What is needed: Print the lines below from the line with "大幕升起,舞台星光闪耀,前奏" to the line with "Two rows of" exactly, keeping both ends, and print no pictures.

Extracted material:

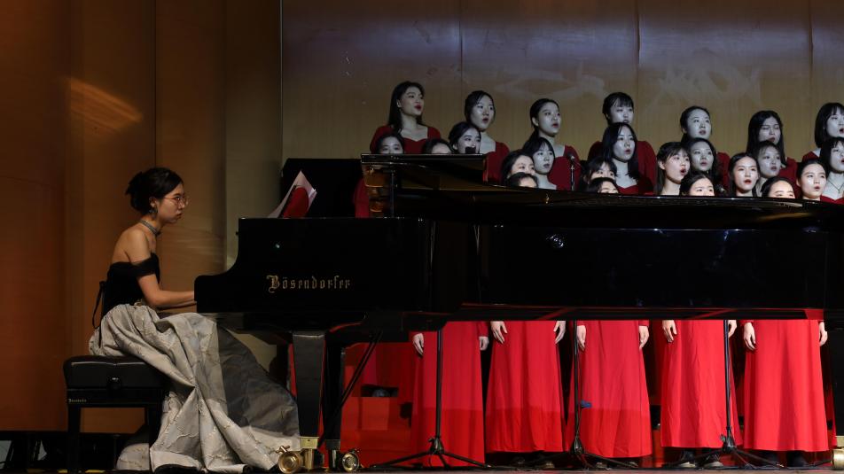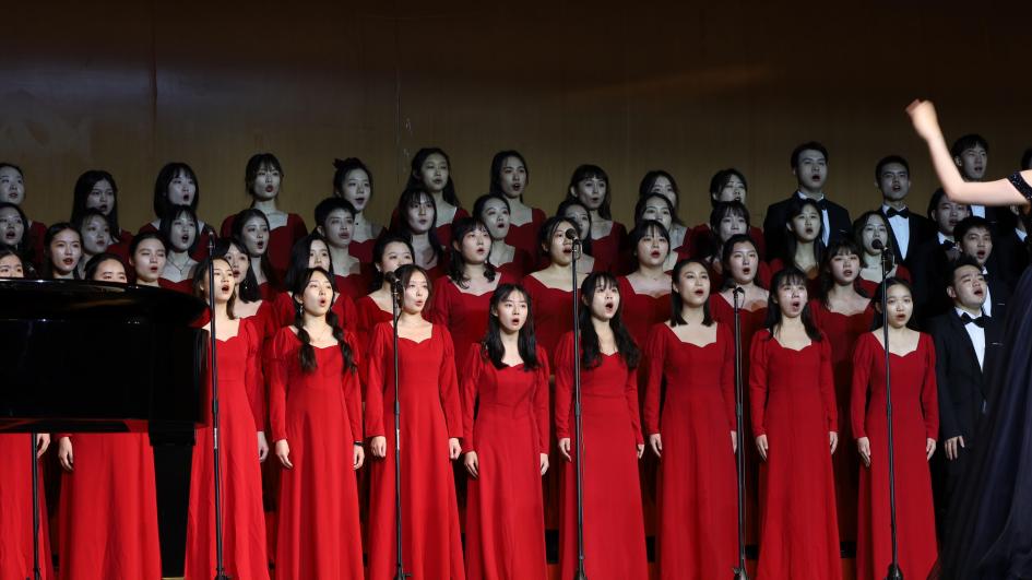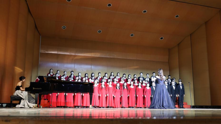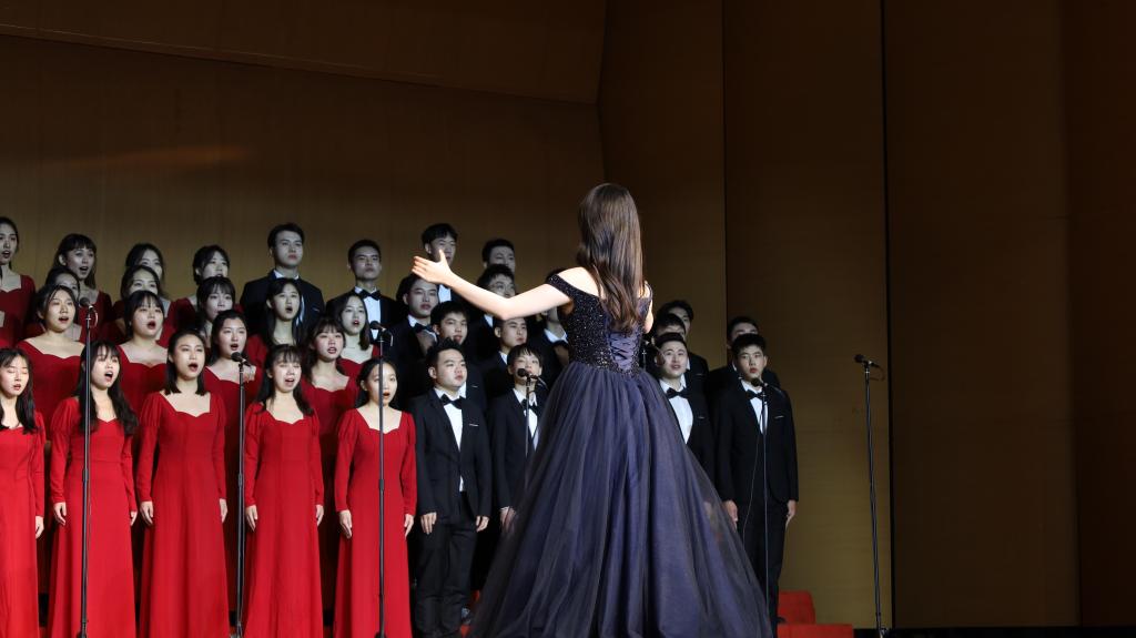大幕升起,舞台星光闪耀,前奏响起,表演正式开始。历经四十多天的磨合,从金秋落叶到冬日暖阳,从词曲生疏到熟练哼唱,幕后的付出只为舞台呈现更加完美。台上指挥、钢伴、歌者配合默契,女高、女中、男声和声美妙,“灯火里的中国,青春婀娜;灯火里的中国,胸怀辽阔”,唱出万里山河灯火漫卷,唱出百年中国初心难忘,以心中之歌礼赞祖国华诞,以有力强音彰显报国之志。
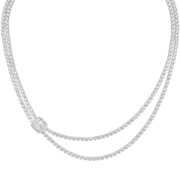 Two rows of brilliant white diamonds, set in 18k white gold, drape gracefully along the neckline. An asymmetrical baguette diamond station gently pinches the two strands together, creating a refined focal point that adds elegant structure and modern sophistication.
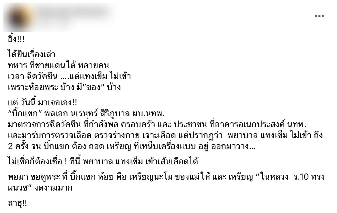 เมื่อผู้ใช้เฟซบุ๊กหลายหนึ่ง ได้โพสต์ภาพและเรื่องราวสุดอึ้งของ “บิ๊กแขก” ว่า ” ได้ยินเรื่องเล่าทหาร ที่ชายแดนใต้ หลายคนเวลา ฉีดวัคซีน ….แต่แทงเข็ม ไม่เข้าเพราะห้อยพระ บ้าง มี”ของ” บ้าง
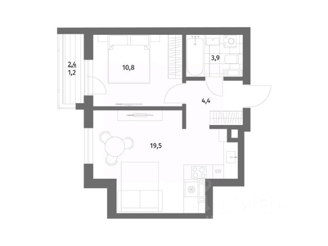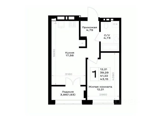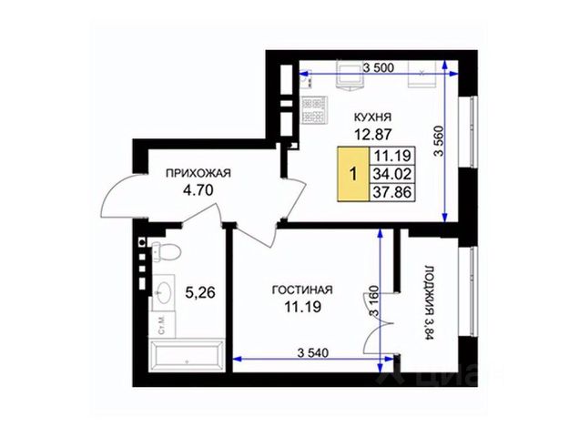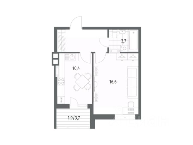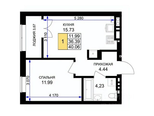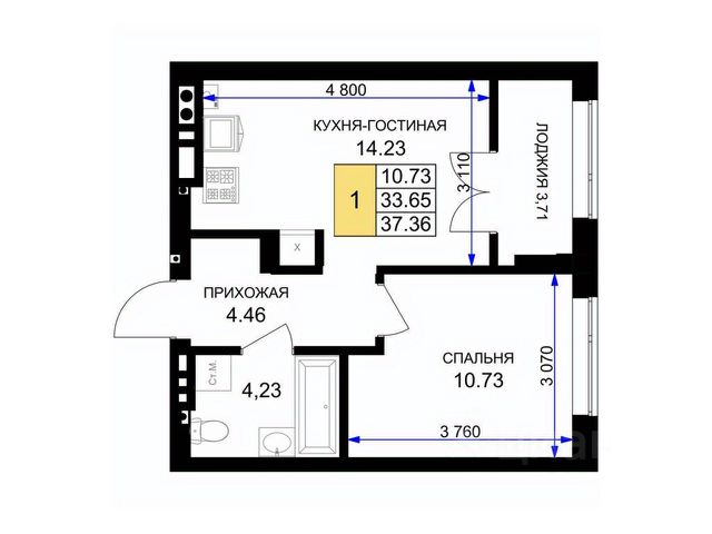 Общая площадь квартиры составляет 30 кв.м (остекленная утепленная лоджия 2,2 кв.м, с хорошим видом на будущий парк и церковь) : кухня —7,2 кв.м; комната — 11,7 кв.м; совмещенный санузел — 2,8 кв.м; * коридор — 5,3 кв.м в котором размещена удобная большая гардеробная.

==

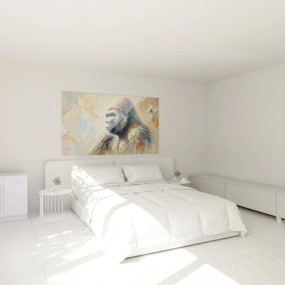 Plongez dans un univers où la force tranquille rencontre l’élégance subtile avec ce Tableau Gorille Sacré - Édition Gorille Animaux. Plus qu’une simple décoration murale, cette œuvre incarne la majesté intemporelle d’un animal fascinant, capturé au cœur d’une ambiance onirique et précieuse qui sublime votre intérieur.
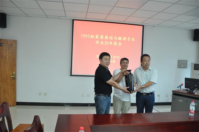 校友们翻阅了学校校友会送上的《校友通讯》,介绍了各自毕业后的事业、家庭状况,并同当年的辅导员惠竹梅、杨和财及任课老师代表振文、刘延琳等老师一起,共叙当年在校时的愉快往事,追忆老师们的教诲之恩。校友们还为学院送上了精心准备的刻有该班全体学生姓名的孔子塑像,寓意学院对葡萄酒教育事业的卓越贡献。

* * *

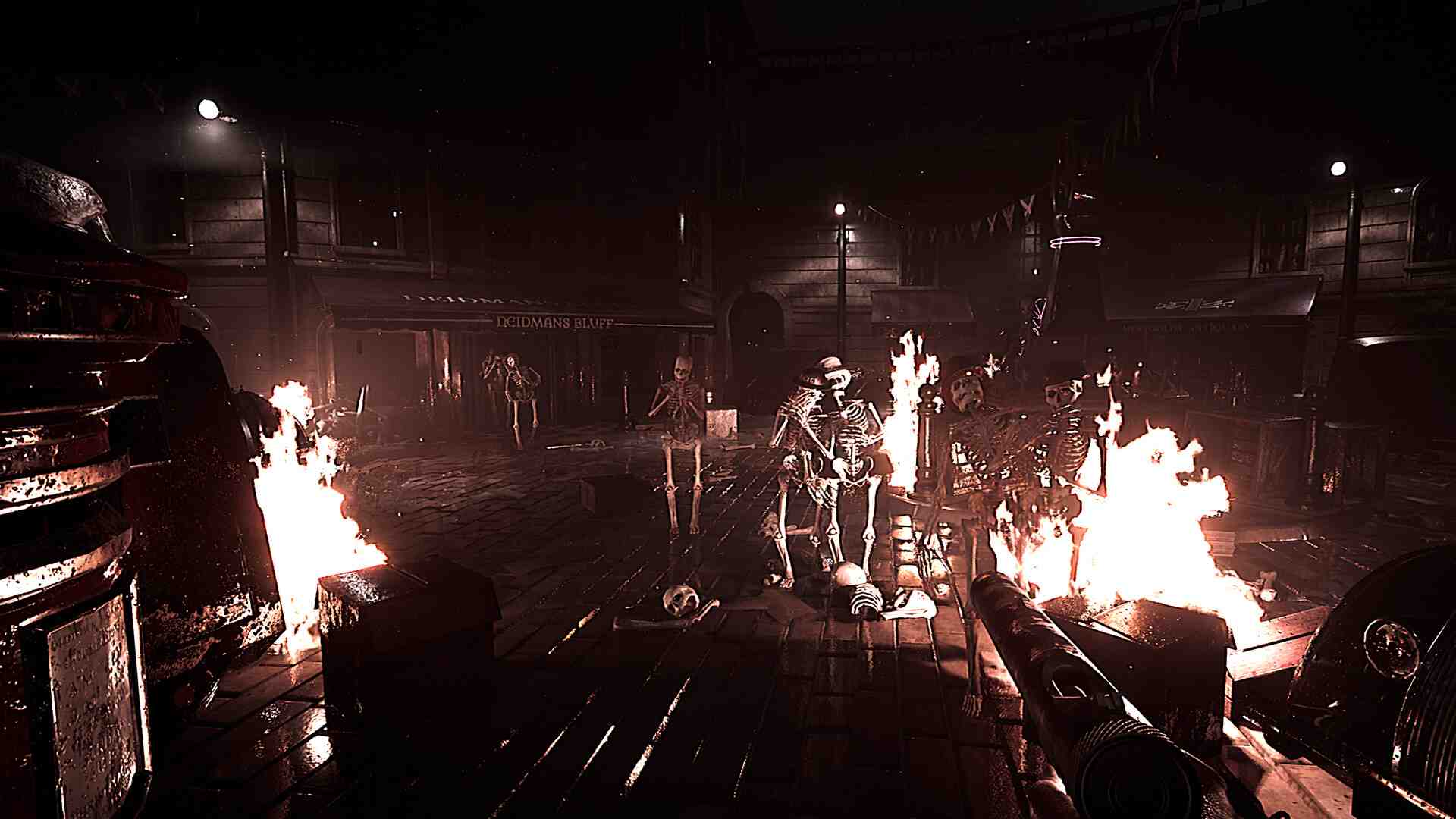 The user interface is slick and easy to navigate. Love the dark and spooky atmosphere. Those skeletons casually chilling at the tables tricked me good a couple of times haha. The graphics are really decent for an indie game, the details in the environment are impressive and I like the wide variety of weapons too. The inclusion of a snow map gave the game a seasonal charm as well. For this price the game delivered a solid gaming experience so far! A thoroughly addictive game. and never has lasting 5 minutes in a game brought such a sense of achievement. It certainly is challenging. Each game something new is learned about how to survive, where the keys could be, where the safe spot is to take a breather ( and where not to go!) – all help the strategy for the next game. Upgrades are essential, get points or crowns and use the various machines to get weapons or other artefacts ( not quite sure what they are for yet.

Solution to the problem:
大幕升起,舞台星光闪耀,前奏响起,表演正式开始。历经四十多天的磨合,从金秋落叶到冬日暖阳,从词曲生疏到熟练哼唱,幕后的付出只为舞台呈现更加完美。台上指挥、钢伴、歌者配合默契,女高、女中、男声和声美妙,“灯火里的中国,青春婀娜;灯火里的中国,胸怀辽阔”,唱出万里山河灯火漫卷,唱出百年中国初心难忘,以心中之歌礼赞祖国华诞,以有力强音彰显报国之志。
 Two rows of brilliant white diamonds, set in 18k white gold, drape gracefully along the neckline. An asymmetrical baguette diamond station gently pinches the two strands together, creating a refined focal point that adds elegant structure and modern sophistication.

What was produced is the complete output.